SOURCE MATERIAL ::
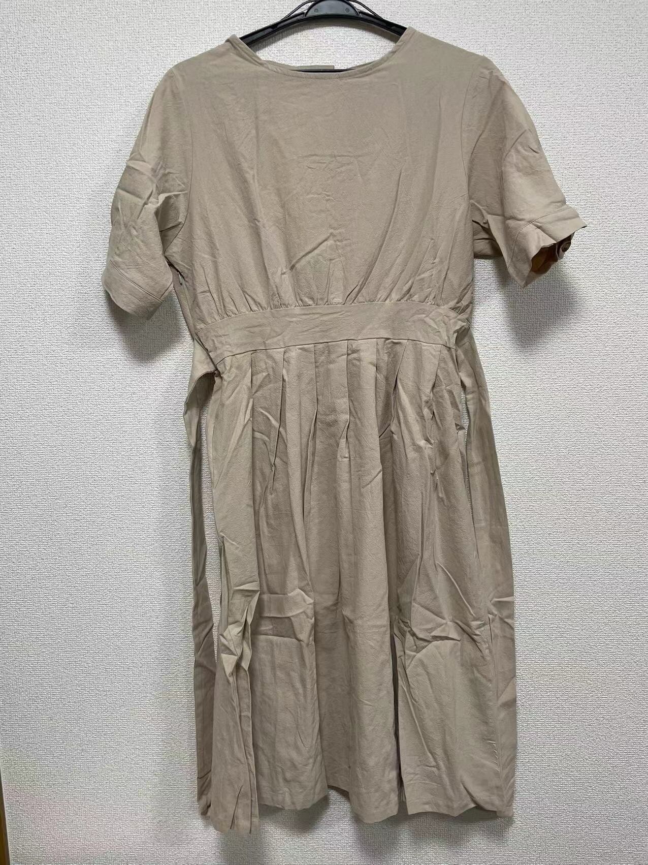 半袖カジュアルワンピースベージュブラウ
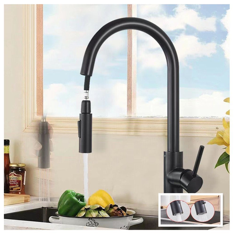 2 WASSERSTRAHLARTEN ZU WAHLEN: Küche Wasserhahn ausziehbar verfügt über 2 Wasserstrahlarten. Sprühmodus - Strak und schnell. Armatur Küche Schwarz kann Geschirr und Pfanne einfach waschen. Stahlmodus - Gleichmäßig und spritzfrei. Wasserhahn Küche kann Obst und Gemüse waschen.en Wasserfluss bekommt.
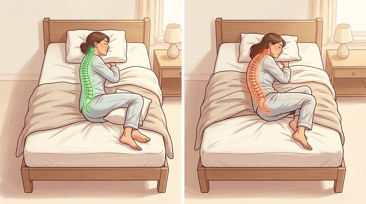• Posição lateral com travesseiro entre os joelhos — é a preferida pela maioria das pessoas com dor lombar crônica e ajuda a manter a pelve alinhada, reduzindo a torção da coluna.
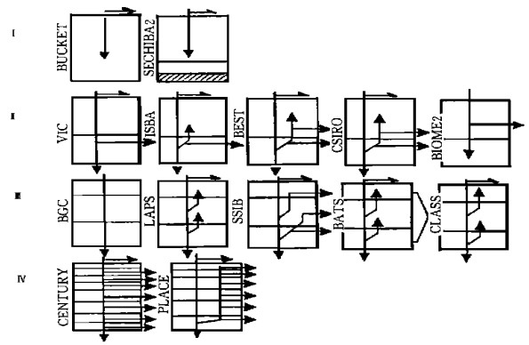 | 图 1. 参与PILPS第2 (b) 阶段陆面模式的径流和排水概念示意图 (其中Ⅰ组为一层土壤、Ⅱ为两层土壤、Ⅲ为三层土壤、Ⅳ为多层土壤, 引自文献[15]) | |

ABOUT THIS TASK ::
Without any pictures, return the material above exactly.

ANSWER SECTION ::
 半袖カジュアルワンピースベージュブラウ
 2 WASSERSTRAHLARTEN ZU WAHLEN: Küche Wasserhahn ausziehbar verfügt über 2 Wasserstrahlarten. Sprühmodus - Strak und schnell. Armatur Küche Schwarz kann Geschirr und Pfanne einfach waschen. Stahlmodus - Gleichmäßig und spritzfrei. Wasserhahn Küche kann Obst und Gemüse waschen.en Wasserfluss bekommt.
• Posição lateral com travesseiro entre os joelhos — é a preferida pela maioria das pessoas com dor lombar crônica e ajuda a manter a pelve alinhada, reduzindo a torção da coluna.
 | 图 1. 参与PILPS第2 (b) 阶段陆面模式的径流和排水概念示意图 (其中Ⅰ组为一层土壤、Ⅱ为两层土壤、Ⅲ为三层土壤、Ⅳ为多层土壤, 引自文献[15]) | |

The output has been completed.